Data comparison categorized for different use cases, including shallow depth of field rendering and defocus deblurring and deblurring.
| Dataset | Capture Setup | Real / Synthetic | Scenes | Images | Resolution | Focal Var. | Aperture Var. | Depth Range | Calibration Set |
|---|---|---|---|---|---|---|---|---|---|
| Use Case: Shallow DoF rendering and defocus deblurring | |||||||||
| CUHK ('14) | Natural internet images + binary blur masks | Real | N/A | 1,000 | 352 x 352 | N/A | N/A | N/A | ✗ |
| RTF ('16) | Mono RGB (Lytro light-field camera) | Real | 22 | 44 | 360 x 360 | ✗ | ✓ | N/A | ✗ |
| DPDD ('19) | Mono RGB | Real | 500 | 2,000 | 1680 x 1120 | ✗ | ✗ | 0.3m - 10m | ✗ |
| LFDOF ('21) | Mono RGB (light-field) + LiDAR | Real | N/A | 23,978 | 375 x 540 | ✗ | ✗ | 0.3m - 10m | ✗ |
| RealDOF ('21) | Stereo RGB (beam-splitter setup) | Real | 50 | 100 | 1536 x 2320 | ✗ | ✓ | N/A | ✗ |
| BLB ('22) | Synthetic Blender renderings | Synthetic | 10 | 1,000 | 1920 x 1080 | ✗ | ✓ | 0.5m - 10m | ✗ |
| VABD ('24) | Mono RGB | Real | 535 | 2,940 | 1536 x 1024 | ✗ | ✓ | N/A | ✗ |
| RealBokeh ('25) | Mono RGB (Canon EOS R6 II) | Real | 300 | 23,000 | 6000 x 4000 | ✓ | ✓ | N/A | ✗ |
| MODEST (Ours) | Stereo RGB (Canon 6D) | Real | 9 | 20,000 | 5472 x 3648 | ✓ | ✓ | 0.5m - 10m | ✓ |
| Use Case: Deblurring | |||||||||
| DeepLens ('18) | Dual-lens camera + synthetic thin-lens modeling | Real + Synthetic | N/A | 502,462 | 3024 x 4032 | ✗ | ✓ | N/A | ✗ |
| SYNDOF ('19) | Mono RGB (thin-lens model) | Synthetic | N/A | 8,231 | 960-2000 x 436-2000 | ✓ | ✓ | 0.5m - 80m | ✗ |
| BSD-B ('20) | Blurred via uniform disk kernels | Synthetic | 500 | 40,000 | 320-480 x 320-480 | N/A | ✓ | N/A | N/A |
| iDFD ('23) | Dual-sensor rig + Kinect depth | Real | N/A | 1,528 | 1050 x 1050 | ✗ | ✓ | 0m - 10m | ✗ |
| QPDD ('25) | Mono RGB (50MP quad-pixel sensor) | Real | 300 | 9,870 | 1080-4096 x 1280-3072 | ✗ | ✓ | 0.2m - infinity | ✗ |
| MODEST (Ours) | Stereo RGB (Canon 6D) | Real | 9 | 20,000 | 5472 x 3648 | ✓ | ✓ | 0.5m - 10m | ✓ |
| Metric | MODEST (ours) | RealBokeh | EBB! | Aperture | BEDT |
|---|---|---|---|---|---|
| # Samples | 20,000 | 23,000 | 4,694 | 2,942 | 20,000 |
| Apertures | f/22.0 - f/2.8 | f/20.0 - f/2.0 | f/1.8 | f/8.0, f/2.0 | f/2.0, f/1.8 |
| Focal length | 28mm - 70mm | 28mm - 70mm | 85mm | - | - |
| Mono / stereo | Stereo | Mono | Mono | Mono | Mono |
| Systematic focal length capture | ✓ | ✗ | ✗ | - | - |
| Systematic aperture capture | ✓ | ✗ | ✗ | ✗ | ✗ |
| Multi-capture | ✓ | ✗ | ✗ | ✗ | ✗ |
| Intrinsic calibration images | ✓ | ✗ | ✗ | ✗ | ✗ |
| Extrinsic calibration images | ✓ | ✗ | ✗ | ✗ | ✗ |
Two Canon EOS 6D full-frame DSLRs mounted on a precision stereo rig capture synchronized 20 MP image pairs. A zoom-lens system enables systematic variation across 10 focal lengths (28–70 mm) and 5 aperture stops (f/2.8–f/22), reproducing the full optics space of professional DSLR photography.

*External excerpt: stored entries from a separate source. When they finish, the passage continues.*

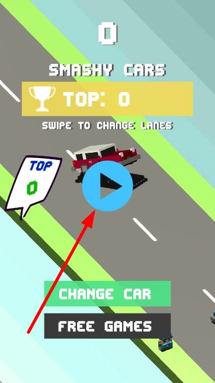 进入游戏主界面后,点击蓝色的播放按钮,就能开启汽车公路飞驰挑战,准备体验换道躲避和撞击的玩法。
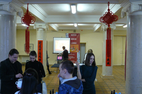 虽然春节已过,但是按着中国民间谚语“二月二龙抬头”标志春节结束的说法,大春节还在延续。2月17日在新学期开始之际,俄罗斯国立人文大学孔子学院在主楼大厅举办了一场别开生面的以“大春节——体验中国年”为主题的春节活动。孔子学院中外方院长、全体汉语老师、莫斯科当地汉语学习者、当地华人华侨100余人齐聚一堂,共庆龙年新春,共贺传统佳节。孔院的汉语老师们与学生一起动手,共同装点,使整个会场充满了喜庆祥和的佳节氛围,洋溢着浓郁的传统风情,随处可见的大红中国结,无一不传递着人们心中对于新春佳节到来的喜悦之情。孔院的俄罗斯学生有的身穿充满着中国风味的旗袍,有的身着唐装,贴春联、挂字画,在布置得年味儿十足的活动现场,俄罗斯各界及孔院师生真真切切地感受了一把中国年的味道。
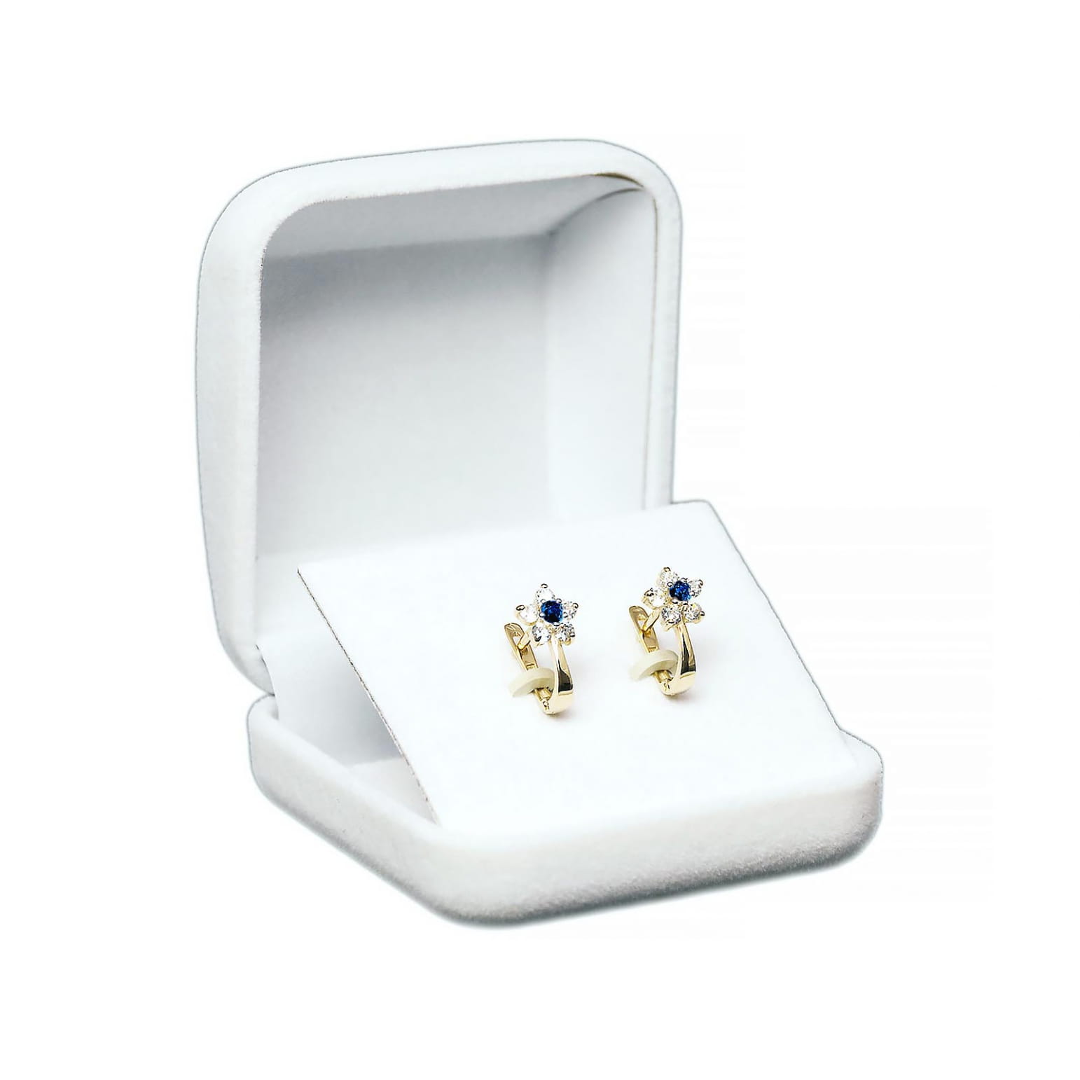 Acești cercei din aur 8K, meticulos lucrați, prezintă zirconii albastre strălucitoare, dispuse într-un model floral încântător. Cu un sistem de închidere tip șurub, acești cercei oferă atât siguranță, cât și un plus de eleganță. Sunt bijuteria perfectă pentru a adăuga o notă subtilă de rafinament și romantism oricărei ținute.
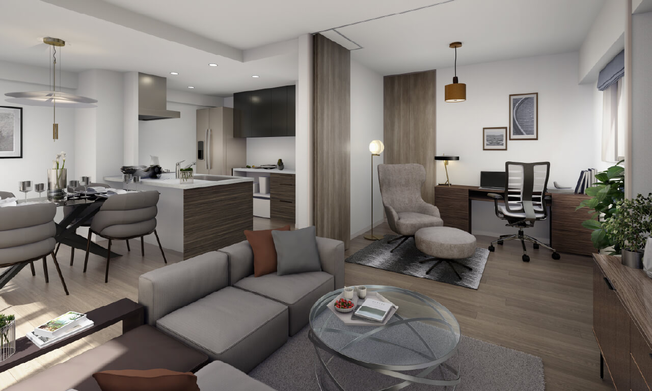 ※掲載のバルコニー完成予想図は2024年9月に撮影した14階の眺望写真にバルコニーをCG合成加工したもので実際とは異なります。※周辺環境・眺望は将来にわたり将来にわたり保障されるものではありません。※掲載の外観写真は2024年9月に撮影した写真に外観完成予想図をCG合成加工したもので実際とは異なります。※掲載のエントランス・エントランスホール完成予想図は図面を基に描いたもので、外観・外構・植栽・色彩等は実際とは異なります。植栽につきましては特定の季節の状況を表現したものではなく、成長した状態の予想図及びイメージイラストであり、描かれた状態に成長するまで、一定期間必要となります。また、現地周辺の建物等を省略して描いております。※行政官庁の指導、施工上の都合及び改良のため、設計・仕様・外構工事等に変更が生じる場合があります。 ※掲載の敷地配置図は計画中のものです。今後の設計変更により形状等、変更となる場合があります。予めご了承ください。※掲載の立面図は周辺の立地を概念化し描き起こしたもので、地形・起伏・建物の大きさ・距離・方向・眺望等は実際とは異なります。また、建物の形状・色等は実際とは異なる場合があります。形状の細部、設備機器等は表現していません。敷地周辺の建物などについては省略しています。周辺の建物・道路等は省略・簡略化しています。※1 駐車・駐輪できるものには制限がございます。※掲載の写真は一部メーカー支給のイメージ画像を使用しています。予めご了承ください。ラクセスは美和ロックの登録商標です。※掲載の内容は2024年10月現在のものです。
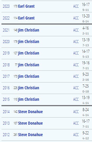 To be fair, Earl Grant has BC slowly improving and the Eagles managed 20 wins for the first time since 2011 this past season. On the downside, their best player is out of eligibility and five dudes are in the portal so it’s probably the start of another rebuild on Chestnut Hill.
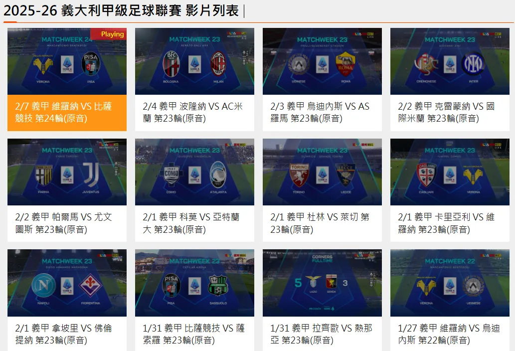 - 开通成功后,返回意甲专题页,所有场次均可直接观看,无需额外付费
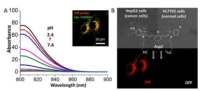 (A) 溶酶体pH敏感近红外荧光探针发射图谱;(B) pH敏感荧光探针选择性示踪肿瘤细胞
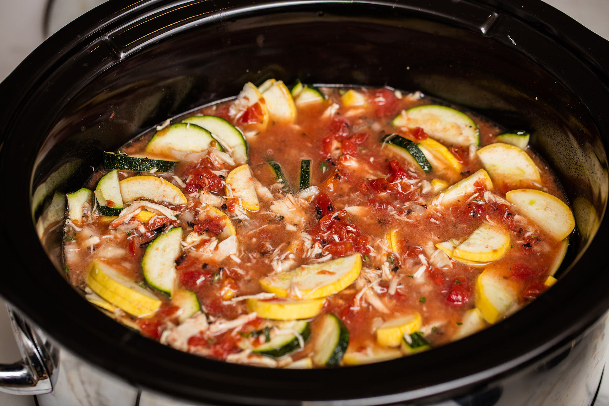 In a large high-sided sauté pan, sauté the vegetables for 5 to 10 minutes until softened. Add the can of crushed tomatoes and let simmer until warm. Transfer the vegetable mixture to a food processor and purée. Set aside.
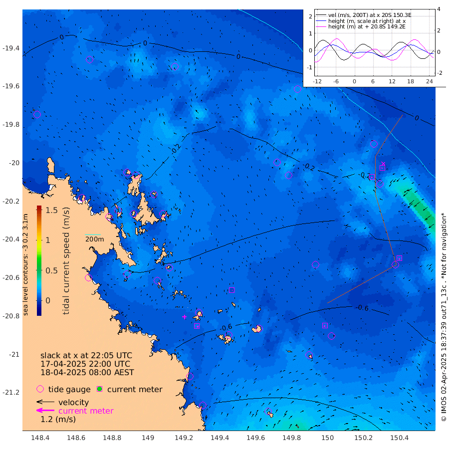 11cm/s 130T +10cm/s rms + 2cm/s 5T. Brampton I 18m 2cm/s 120T +9cm/s rms + 6cm/s 66T. Wigton I 38m 9cm/s -169T +7cm/s rms + 8cm/s 141T. Tern I 47m 5cm/s -150T +7cm/s rms + 12cm/s 54T. N Bugatti Rf 64m 8cm/s -156T +3cm/s rms + 13cm/s 178T. W Bugatti Rf 70m 8cm/s -159T +3cm/s rms + 3cm/s -130T. Creal Rf 69m -4cm Holbourne I -63cm Tern I -18cm Bugatti Rf -36cm Creal Rf -6cm White Tip I 1cm Wallaby Reef -4cm Kennedy Reef 4cm Unnamed Reef No. 2 -14cm Tideway Reef -16cm Hayman Island -23cm Square Reef -9cm Double Bay -24cm Molle Island -27cm Cid Harbour -15cm Hook Island -26cm Border Island -24cm Haslewood Island -25cm Shute Harbour -44cm Thomas Island -43cm Credlin Reef -47cm East Repulse Island -53cm Blacksmith Island -56cm Laguna Quays -48cm Carlisle Island (Off) -48cm St. Bees Island -55cm Scawfell Island -66cm Penrith Island -77cm Mackay Outer Harbour -84cm Hay Point -75cm Prudhoe Island

A ChArUco board enables sub-pixel-accurate intrinsic and extrinsic calibration. Besides a global calibration set, each scene and each focal length has a dedicated calibration set — supporting both classical (OpenCV) and learning-based calibration methods for stereo geometry recovery across every optical configuration.
For 10 scenes with varying scene complexity, lighting, and background, images are captured with two identical camera assemblies at 10 focal lengths (28–70 mm) and 5 apertures (f/2.8–f/22.0) — 2,000 images per scene, 20,000 total. Challenging elements include multi-scale optical illusions, reflective surfaces, transparent glass doors, sharp lighting changes, and ambiguous background depths. Dedicated calibration sets per scene and focal length support classical and learning-based intrinsic and extrinsic calibration methods.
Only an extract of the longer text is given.